═══ Data extract ═══
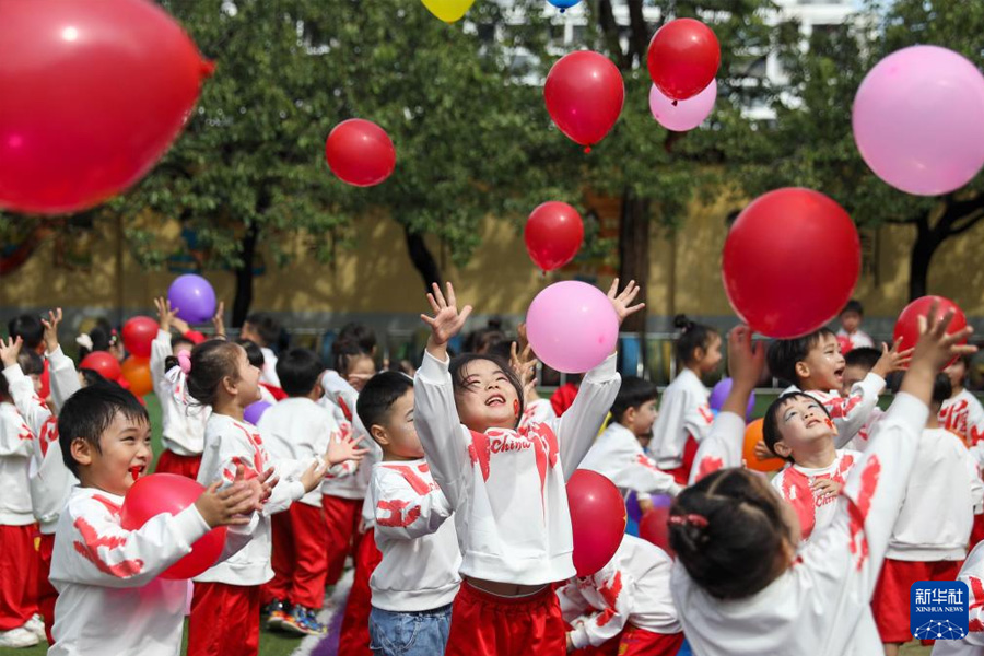 9月29日,河南省平顶山市宝丰县闹店镇中心幼儿园的孩子们在放飞气球。(新华社发 何五昌/摄)
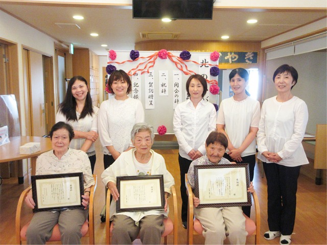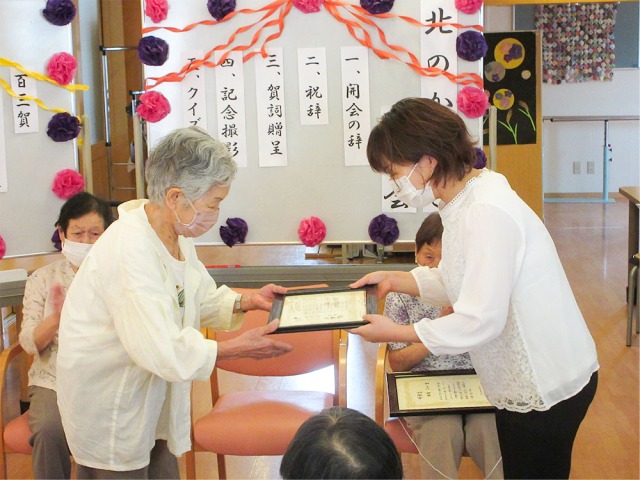 敬老会では、北のかがやき最高齢となる103歳の方をはじめ、白寿1名、米寿1名、喜寿1名の4名の方に感謝状を贈呈し、職員とご利用者の皆様でご長寿のお祝いをしました。
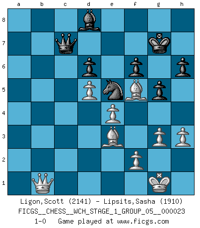 Last move : 1-0 2021 January 6 14:14:16 [Event "FICGS__CHESS__WCH_STAGE_1_GROUP_05__000023"] [Site "FICGS"] [Date "2020.11.05"] [Round "1"] [White "Ligon,Scott"] [Black "Lipsits,Sasha"] [Result "1-0"] [WhiteElo "2141"] [BlackElo "1910"] 1.e4 e5 2.Nf3 Nc6 3.Bb5 a6 4.Ba4 Nf6 5.O-O Be7 6.Re1 b5 7.Bb3 d6 8.c3 O-O 9.h3 Bb7 10.d4 Re8 11.Nbd2 Bf8 12.a3 h6 13.Bc2 Nb8 14.b3 Nbd7 15.Bb2 c6 16.Bd3 Nh5 17.c4 Nf4 18.Bf1 exd4 19.Nxd4 Ne5 20.Qc2 c5 21.Nf5 b4 22.axb4 cxb4 23.Ne3 Ne6 24.Nd5 a5 25.Re3 Nc5 26.Rae1 Qb8 27.Kh2 Bc6 28.Rg3 Ng6 29.Bd4 a4 30.bxa4 Ne6 31.Ba1 Rxa4 32.Kg1 Qa7 33.Nb3 Nc5 34.Bb2 Nxb3 35.Rxb3 Bxd5 36.cxd5 Rb8 37.Rb1 Ne5 38.Bc1 g5 39.Bd2 Ra2 40.R1b2 Rxb2 41.Qxb2 Bg7 42.Qc2 Qc5 43.Qb1 Nd7 44.Rxb4 Rxb4 45.Bxb4 Qb6 46.Bd3 f6 47.Ba3 Qc7 48.Be2 Ne5 49.Bg4 Bf8 50.Bf5 Be7 51.Bc1 Bd8 52.Be3 Kg7 53.g3 1-0 Ruy Lopez : Closed Kingside Castling by player White (move 5) Kingside Castling by player Black (move 8) Player White won this chess game. Follow this game move after move (download)The isolated Pawn casts gloom over the entire chessboard. (Aaron Nimzovich) Das Blackmar-Diemer-Gambit verändert den ganzen Menschen! (Emil Joseph Diemer) La batalla por la última verdad nunca sera ganada. Y es por eso que el Ajedrez es tan fascinante. (Hans Kmoch) Aux échecs, les retours au sommet sont rares : les dommages psychologiques consécutifs à une défaite sont trop sévères. (Daily Telegraph) The leaves of memory seemed to make a mournful rustling in the dark. (Henry Wadsworth Longfellow)
═══
_Exercise objective:_ Would you copy each line above exactly as given, dropping any images?

_Result of this exercise:_
 9月29日,河南省平顶山市宝丰县闹店镇中心幼儿园的孩子们在放飞气球。(新华社发 何五昌/摄)
 敬老会では、北のかがやき最高齢となる103歳の方をはじめ、白寿1名、米寿1名、喜寿1名の4名の方に感謝状を贈呈し、職員とご利用者の皆様でご長寿のお祝いをしました。
 Last move : 1-0 2021 January 6 14:14:16 [Event "FICGS__CHESS__WCH_STAGE_1_GROUP_05__000023"] [Site "FICGS"] [Date "2020.11.05"] [Round "1"] [White "Ligon,Scott"] [Black "Lipsits,Sasha"] [Result "1-0"] [WhiteElo "2141"] [BlackElo "1910"] 1.e4 e5 2.Nf3 Nc6 3.Bb5 a6 4.Ba4 Nf6 5.O-O Be7 6.Re1 b5 7.Bb3 d6 8.c3 O-O 9.h3 Bb7 10.d4 Re8 11.Nbd2 Bf8 12.a3 h6 13.Bc2 Nb8 14.b3 Nbd7 15.Bb2 c6 16.Bd3 Nh5 17.c4 Nf4 18.Bf1 exd4 19.Nxd4 Ne5 20.Qc2 c5 21.Nf5 b4 22.axb4 cxb4 23.Ne3 Ne6 24.Nd5 a5 25.Re3 Nc5 26.Rae1 Qb8 27.Kh2 Bc6 28.Rg3 Ng6 29.Bd4 a4 30.bxa4 Ne6 31.Ba1 Rxa4 32.Kg1 Qa7 33.Nb3 Nc5 34.Bb2 Nxb3 35.Rxb3 Bxd5 36.cxd5 Rb8 37.Rb1 Ne5 38.Bc1 g5 39.Bd2 Ra2 40.R1b2 Rxb2 41.Qxb2 Bg7 42.Qc2 Qc5 43.Qb1 Nd7 44.Rxb4 Rxb4 45.Bxb4 Qb6 46.Bd3 f6 47.Ba3 Qc7 48.Be2 Ne5 49.Bg4 Bf8 50.Bf5 Be7 51.Bc1 Bd8 52.Be3 Kg7 53.g3 1-0 Ruy Lopez : Closed Kingside Castling by player White (move 5) Kingside Castling by player Black (move 8) Player White won this chess game. Follow this game move after move (download)The isolated Pawn casts gloom over the entire chessboard. (Aaron Nimzovich) Das Blackmar-Diemer-Gambit verändert den ganzen Menschen! (Emil Joseph Diemer) La batalla por la última verdad nunca sera ganada. Y es por eso que el Ajedrez es tan fascinante. (Hans Kmoch) Aux échecs, les retours au sommet sont rares : les dommages psychologiques consécutifs à une défaite sont trop sévères. (Daily Telegraph) The leaves of memory seemed to make a mournful rustling in the dark. (Henry Wadsworth Longfellow)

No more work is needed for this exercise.